В те же самые годы в нацистской Германии действовала не менее зверская полицейская служба - Гестапо. По части тотального контроля, пыточного следствия и пренебрежения законами и правом оно не уступало НКВД. Однако Гестапо репрессировало реальных противников режима или тех, кого оно считало таковыми, но не придумывало дел и не стремилось поразить воображение Гитлера количеством пойманных врагов. Не знаю, насколько это верно, но говорят, по недоказанным обвинениям арестованных из Гестапо даже освобождали, чего практически никогда не случалось с "политическими" в НКВД. "НКВД не ошибается" - гласил популярный тогда лозунг, и каждый всегда был хоть в чем-то виноват.

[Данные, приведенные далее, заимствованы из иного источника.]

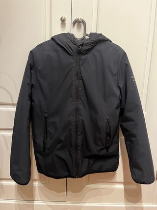 Abrigo talla 14 de la marca Ecoalf en color azul marino. Está en perfecto estado. Perfecto para mantener el calor. - Diseño con capucha. - Cierre de cremallera frontal. - Bolsillos laterales con cremallera.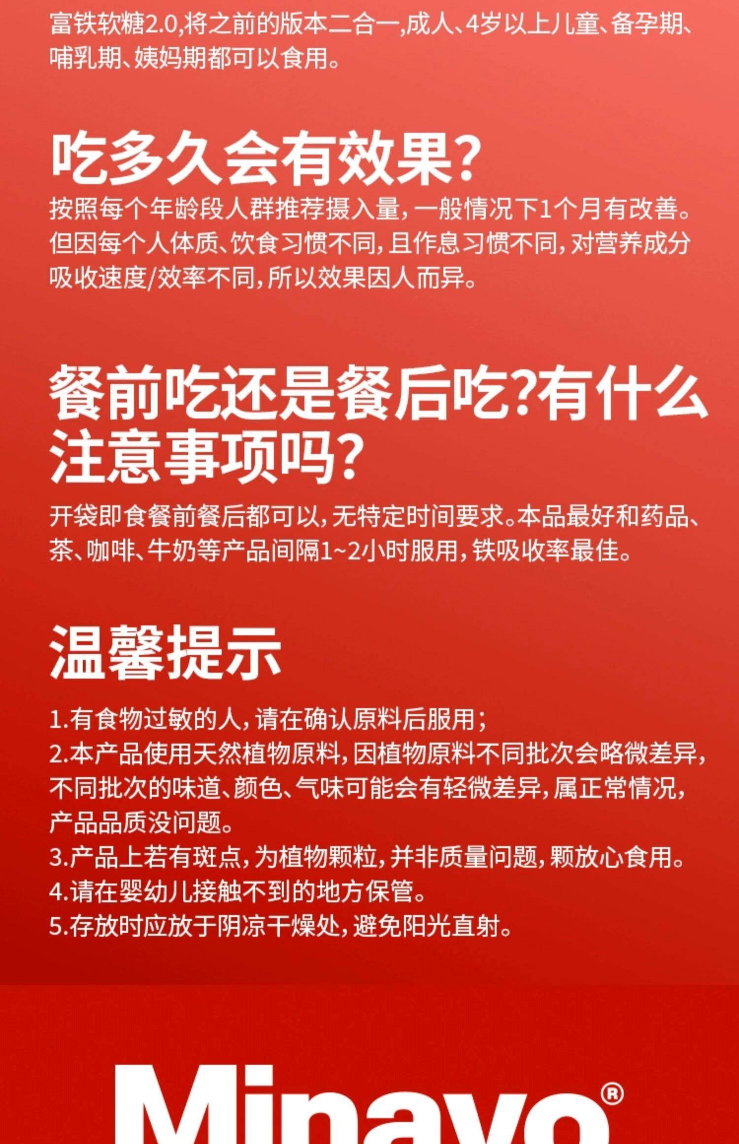 minayo富铁补铁软糖补精气神女人姨妈贫血神器补维C。好吃的富铁软糖,嚼出红润好气色。低卡无负担,无色素香精才安心,独立包装的,携带超级方便【赠运费险】

Сегодня Россия по многим параметрам своей государственной жизни возвращается к практике советских времен. И если в основном это происходит в виде плавного отступления, шаг за шагом назад, в позднее советское время, то в плане политических репрессий это прыжок через эпоху сразу во времена сталинизма. Еще нет того сталинского размаха, нет массовости репрессий и истерической мобилизации общественности, но уже заметен расцвет методов провокации и фабрикации политических дел. Правда, пока наследники чекистов стараются больше не из страха перед властью, а ради карьеры или денег, но, во-первых, еще неизвестно, какая мотивация сильней, а во-вторых, при отлаженной машине репрессий мотивы могут легко поменяться.
Александр Подрабинек, «Грани.ру»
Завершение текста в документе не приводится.